Radio New Zealand reported today that a woman and her three sons have been awarded political asylum in New Zealand because they faced death threats from neo-Nazis in their home country of the Czech Republic. The father of two of the boys is Romani, their adopted brother is also Romani, and according to their non-Romani mother, her children have faced, among other things, discrimination in education because of their ethnicity.

The authorities in New Zealand first awarded refugee status just to one nine-year-old boy from the family. After his brothers and mother appealed, they were awarded international protection as well.

Radio New Zealand reports that the woman separated from her Romani partner in 2013 and told the immigration court that her family began receiving death threats from neo-Nazis and that somebody threw fireworks at their apartment building in the Czech Republic. The woman also testified that her oldest son had faced segregation at school as well as emotional and physical abuse because of his ethnicity and that his teachers did nothing about it.

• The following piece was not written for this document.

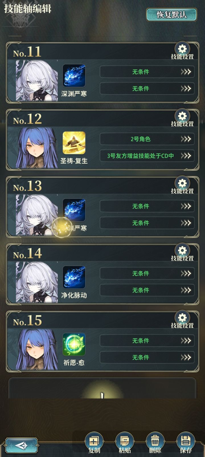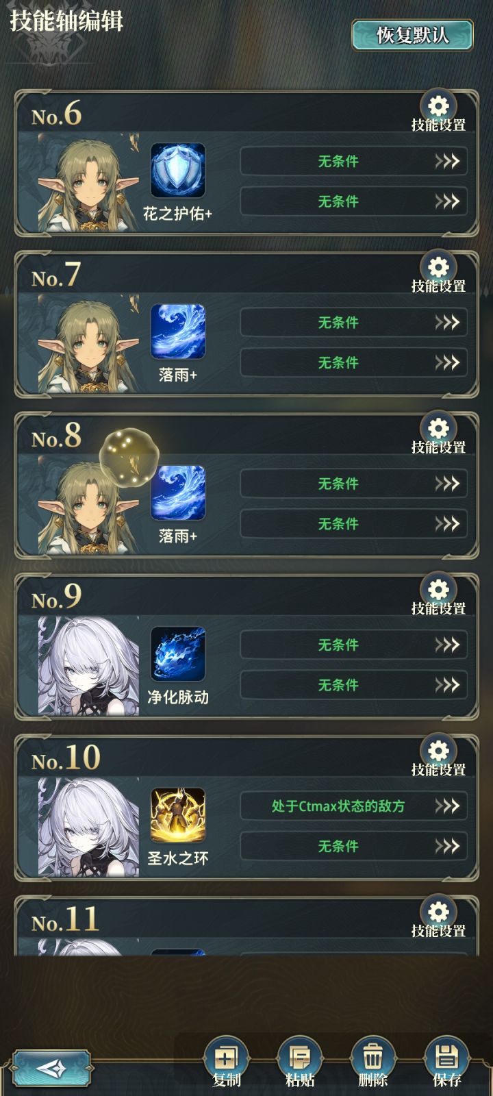 本图制作于天人版本春节前适用于刷取 始源魔兽——噩梦,以获取135附魔武器❶如果挂机的时候车速过快导致奥义放不出来,所有的队伍都只设置1个技能,就是法师主角的4技能——列阵组合咏唱。达成1T1键,基本上都能达标。可视伤害情况在法师4技能后设置——主召魔物技能,达成1+1,释放速度比传统2键快一点点。❷后排的老王角色如果没有,可以使用对应属性的机神代替阵容灵活多变,非最优解,可根据自

The woman told the court she had adopted her second son from a children’s home and that, according to Radio New Zealand, he was recommended for enrolment into a school for children with special needs just because he was “Romani and black”. It was that second boy, the middle child of the three, who was awarded asylum in New Zealand last year after his first request, and the rest of the family was awarded asylum on appeal.

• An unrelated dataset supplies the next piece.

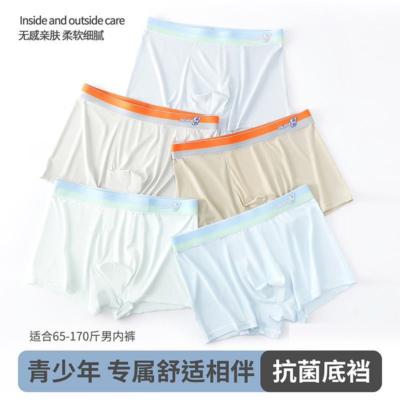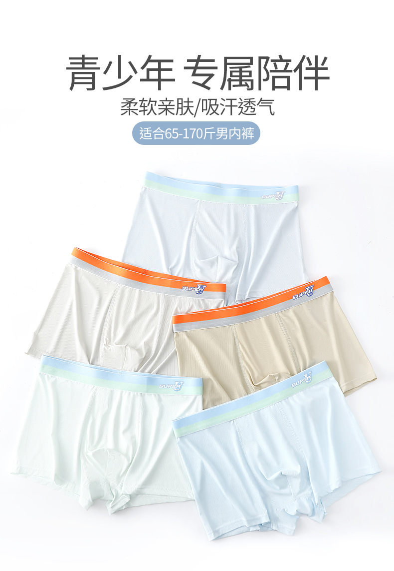 Love Nian Love Fun 어린이 속옷 소년의 여름 아이스 실크 복서 반바지 추적없는 십대 중학생 복서 반바지스토어 가기

The immigration court decided the entire family had been victims of harassment “as part of an escalating campaign of hate crimes” in the Czech Republic. Radio New Zealand reports the family testified that the children were called “dirty gypsies” at school, in public parks, in shops and on the street.

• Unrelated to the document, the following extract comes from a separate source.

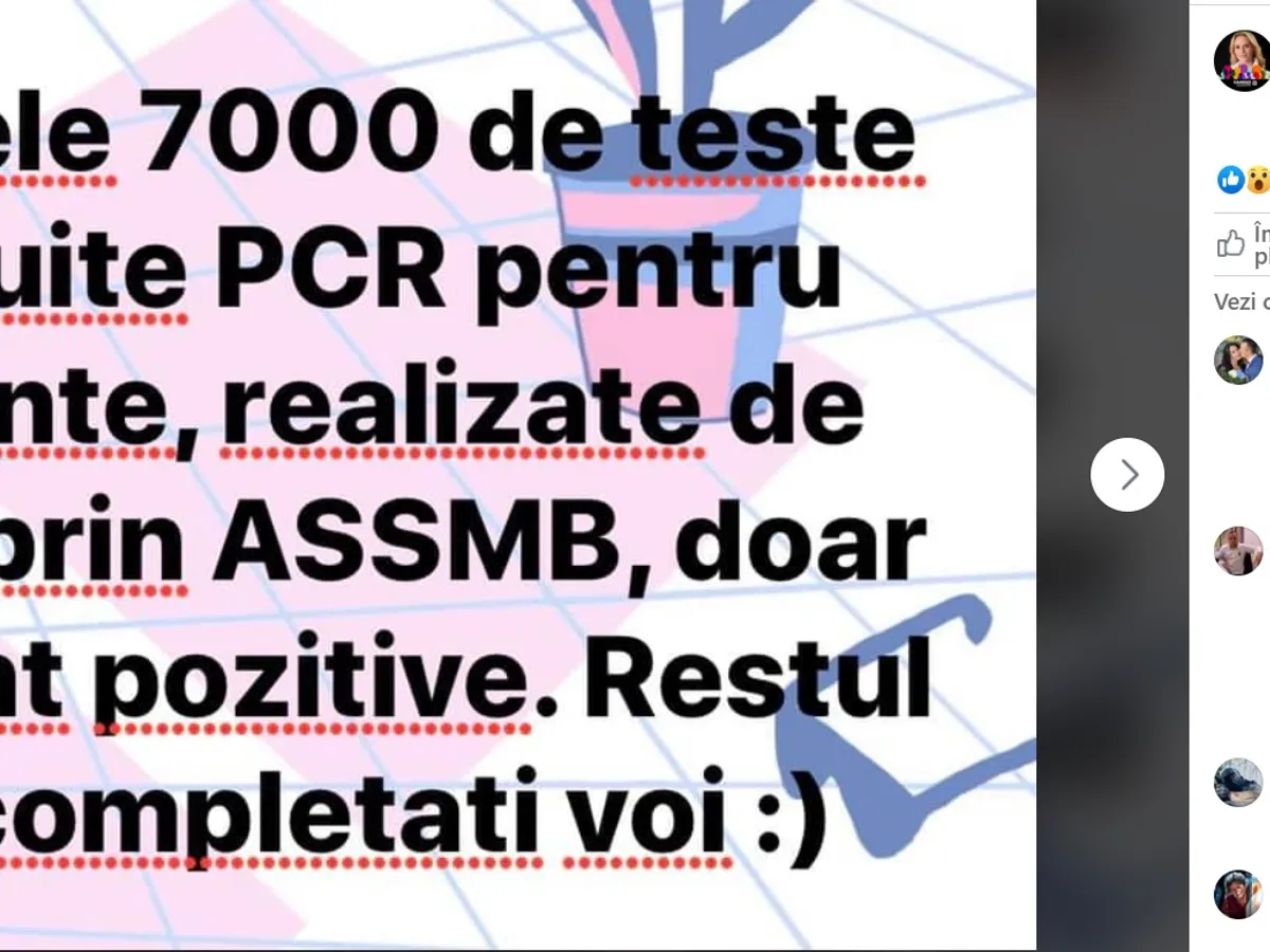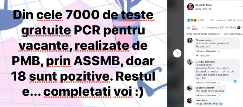 „Din cele 7.000 de teste gratuite PCR pentru vacanțe, realizate de PMB, prin ASSMB, doar 18 sunt pozitive. Restul e... completați voi :)”, a scris Gabriela Firea pe Facebook, la o zi după ce Bucureștiul înregistra o creștere record de cazuri.

The harassment began escalating, according to the court records, in 2015 when the family reportedly received a letter stating that somebody “better than Hitler” would soon appear and get rid of them. Another letter received by the family reportedly asked rhetorically: “Gas smells good, doesn’t it?”

The woman testified to the immigration court that the Czech Police never even made any record of her complaints about this treatment. In 2016 the family reportedly had to hide for an entire night in their bathroom after hearing somebody throw fireworks at their apartment unit, because they were afraid that the exploding objects being thrown might be Molotov cocktails.

The family fled to New Zealand after that incident. Radio New Zealand reported that court records state that after that evening “The mother undertook immediate steps leading to their getaway in order to avoid further escalation.”

The court also stated that in the Czech Republic, anti-Romani demonstrations, marches and unrest began in 2013 and that hate crimes and racism in the Central European country are becoming “more and more normal”. Now it has ruled that it is granting the family asylum because they face persecution in their home country.